Can you blame the government for getting it wrong on pensions again?



This week the government announced a review into pension charges, something I support but somehow I think the government has got it wrong again. The problem is that they seem to assume that auto-enrolment plus lower charges = perfect retirement.  And to be honest who blames them when leading industry spokespeople support their thinking.

I read a fantastic report by Dr Ros Altmann and it highlights some important facts that the government seem to have missed in their thinking. The key point is that in the past individuals didn’t have to worry about their pensions (where their employer provided a scheme), often this enabled them to retire early. The reality is that this golden age is over unless you are one of the lucky few.

Individuals now have to take responsibility for their retirement and for many they are not able to understand or comprehend this. It doesn’t help when the government tells everyone that auto-enrolment and low charges are the perfect solution.

Consider

An individual age 25 paying £100 per month into a pension under the new pension scheme, this would provide a pension fund of around £125,000 in retirement (assuming retirement at age 67). This assumes the investments increase by 4% p.a. after charges. 

In the calculation I assumed the new state pension increases by 1% p.a. to age 67. 

Roughly this would give a pension of £1,300 p.m. assuming inflation of 2.8% this would be worth around £430 p.m. in real terms. 

The flaw in the argument 

Obviously this doesn’t reflect contributions increasing but it gives an idea of what to expect. The problem with many of the schemes is that the investment choices are limited; to keep charges low many choose passive funds (passive funds track an index like the FTSE 100).

Passive funds can work but I would argue by their nature the returns will be lower than a good active fund. To be honest when Barclays talk about returns of 3 to 3.5% p.a. I expect these to come from passive funds. 

If you start getting these types of returns then you are facing a very miserable retirement. 

Understanding the risk

We know people don’t understand the risks, I have seen countless times people not understanding what they are investing in and not understanding the differences between pensions and ISAs. 
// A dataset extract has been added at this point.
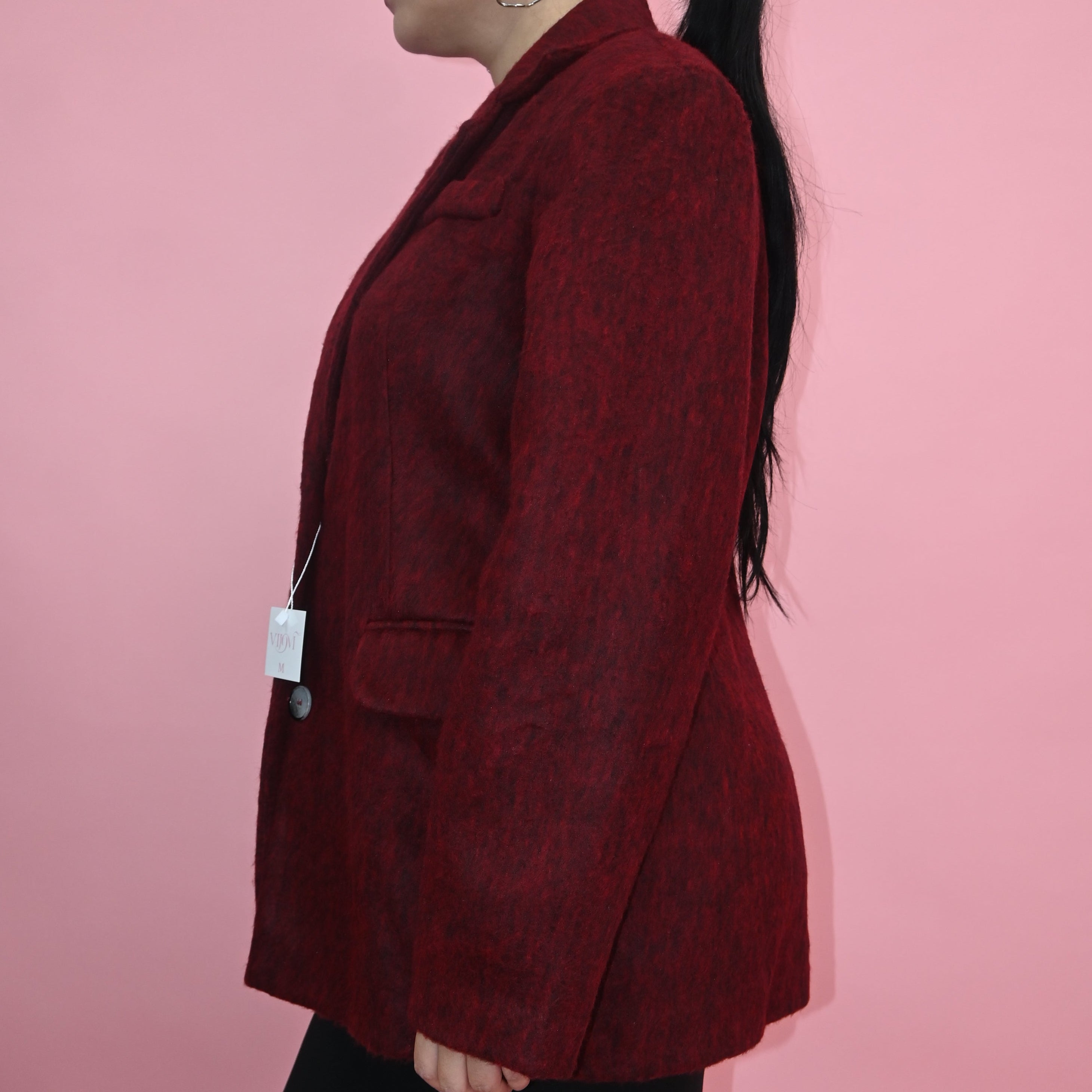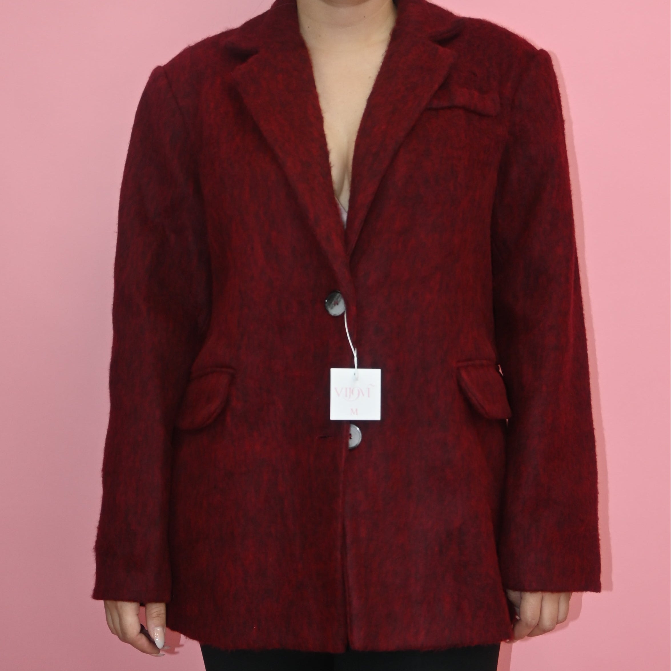 Saco su tela es gruesa corre a su talla no estira la tela.

Without getting into detail pensions and ISAs are two different things but they can form part of the retirement income. You don’t get tax relief on contributions in an ISA but you do get tax free income, with a pension the reverse happens. 

With the pension the fund is locked in whereas with the ISA it is not. 

Then we need to understand the risk when it comes to investing, my job is to manage portfolios for funds. I spend time understanding about different investments and how they might work together. Some years they do well, some years like 2011 they don’t but smoothed out the returns should deliver somewhere between 5 to 8% after charges over a five to 10 year period. The extra charges provide extra benefit which you wouldn’t get with a fund tracking an index.

End of contract

I met somewhere the other day who was reaching age 55 in the army, he liked to think he was ending his contract. I thought about this and he is spot on. Longevity has changed the way we look at retirement. 

For many we may slow down but living into our eighties or nineties may mean we work well into our seventies. This needs to be factored in.

So what should the government do?

Personally I think they are listening to too many yes people……

I am not saying the report by Dr Ros Altmann is the Holy Grail when it comes to solving the problem but what it does is look from the bottom up. The government thinks people will engage with their pension planning because of auto-enrolment, I’m sorry but they won’t.

We are facing a massive train crash over the next few years and now is the time to avoid this. Reverse thinking is needed - pay people to educate people, make people consider about budgets, target income and ultimately have a plan. Planning for the future is not hard, it just needs a plan and acceptance things might change.

The challenge

Does the government have the strength to stop the road crash and go back to basics or will they just hide their head in the sand on the basis that it’s not going to win them the next election.